An international team of researchers has developed a new way to produce oxygen on the Red Planet using gases from the local atmosphere and cold plasma. The technology can play a crucial role in the development of human life support systems, since it allows you to get a lot of oxygen for breathing, the production of rocket fuel, fertilizers and building materials with minimal equipment weight.
Space flight programs aimed at scientific exploration and possible colonization of the Moon and Mars are constantly expanding and setting more and more ambitious goals. An important landmark was the NASA Artemis III mission, during which people should land on the surface of the Moon in 2024, for the first time in the last 50 years. Among the long—term goals of this mission is a stable human presence on the Earth's satellite (or its orbit) and the use of the acquired skills and knowledge for the next step — sending people to Mars.
The so-called use of resources on site (collection and processing of resources found, for example, on Mars, and their use for human life support) is crucial for the implementation of these plans. After all, it will be much easier, cheaper and safer for space settlements to develop a technology for obtaining the same oxygen from the atmosphere or regolith (soil) The Red planet, than to deliver it from Earth. But oxygen is needed not only for breathing astronauts, but also, for example, as a component of rocket fuel.
An international team of scientists from Portugal, France, the USA and the Netherlands has proposed a new approach to the production of oxygen in the conditions of Mars. Their technology is based on the generation of non-thermal (cold) plasma and the use of conductive membranes to separate the gas mixture. A detailed description of the development, as well as the test results of the first prototypes are presented in an article published in the Journal of Applied Physics.
Cold plasma is a highly reactive gas medium that is usually created and maintained by electrical discharges. Free high—energy electrons and relatively cold non-ionized gas molecules coexist in it - unlike ordinary plasma (which, for example, stars are made of), consisting of electrons and positively and negatively charged ions. This type of plasma is called cold or non-thermal, because it is produced at temperatures close to room temperature, instead of several thousand degrees, typical for conventional (thermal or hot) plasma.
The idea of the authors of the new work is to use these free electrons of cold plasma and without heating to get oxygen from carbon dioxide, which is more than 95 percent in the atmosphere of Mars. Then, using special conductive membranes, filter the oxygen from the resulting gas mixture and apply it to respiration, the production of rocket fuel, fertilizers and building materials.

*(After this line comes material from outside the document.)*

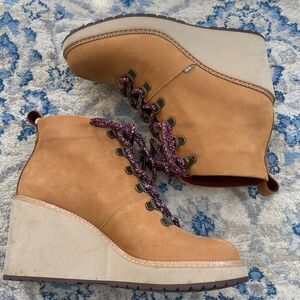 Excellent used condition with no major signs of wear. Lace up wedge booties.

According to the researchers, the strengths of the developed plasma technology are that it is compact, scalable, reliable, versatile and does not require expensive materials. In addition, unlike other methods of obtaining oxygen, the method is ideally adapted to power from non-permanent energy sources (for example, solar panels) and can work at Martian reduced pressure, since it is ideal for plasma ignition. This distinguishes the new oxygen production technology from solid oxide electrolysis used in the MOXIE device installed on the Perseverance rover and already undergoing testing on Mars.
The scientists did not limit themselves to theoretical research and decided to test the efficiency of the technology during two experimental campaigns in the Laboratory of Plasma Physics of the Polytechnic School (France) and the Dutch Institute of Fundamental Energy Research (the Netherlands).

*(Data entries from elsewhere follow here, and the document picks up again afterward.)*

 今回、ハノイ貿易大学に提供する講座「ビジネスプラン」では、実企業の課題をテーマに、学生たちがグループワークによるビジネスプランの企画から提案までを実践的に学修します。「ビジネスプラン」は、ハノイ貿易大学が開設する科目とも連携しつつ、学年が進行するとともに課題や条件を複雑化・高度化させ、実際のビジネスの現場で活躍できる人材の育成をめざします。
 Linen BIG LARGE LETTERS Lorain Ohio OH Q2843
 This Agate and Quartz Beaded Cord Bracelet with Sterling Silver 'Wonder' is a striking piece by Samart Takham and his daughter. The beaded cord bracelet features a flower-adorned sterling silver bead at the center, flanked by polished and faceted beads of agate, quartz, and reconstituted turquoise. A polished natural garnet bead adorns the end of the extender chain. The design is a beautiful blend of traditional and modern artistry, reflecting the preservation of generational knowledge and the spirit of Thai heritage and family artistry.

In the first test, the operation of the experimental setup was evaluated at low temperatures (the average temperature on the surface of Mars is minus 60 degrees Celsius), and in the second — at low Martian pressure (about 100 times less than on Earth).

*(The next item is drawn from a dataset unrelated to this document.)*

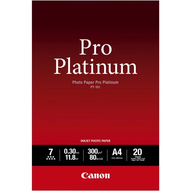 Størrelsen er skalert til portretter eller collager, og resultatet er høykvalitetsutskrifter som fortjener en plass på veggen. Canon Pro Platinum-fotopapiret leveres i pakker på 20 ark og er kompatibelt med en rekke Canon-fargeskrivere. Resultatet er flotte utskrifter av hvert bilde. Skriv ut bilder av høy kvalitet Skinnende overflate som gir et profesjonelt resultat.

Experiments have shown that in both cases, the prototype was able to convert up to a third of carbon dioxide into oxygen, and this is considered a very good indicator. In any case, the authors of the work believe that this is only the first step towards the development of technology. Subsequently, by improving the models for describing cold plasma and conductive membranes, as well as improving the device and the working scheme of the prototype, even more impressive results can be achieved.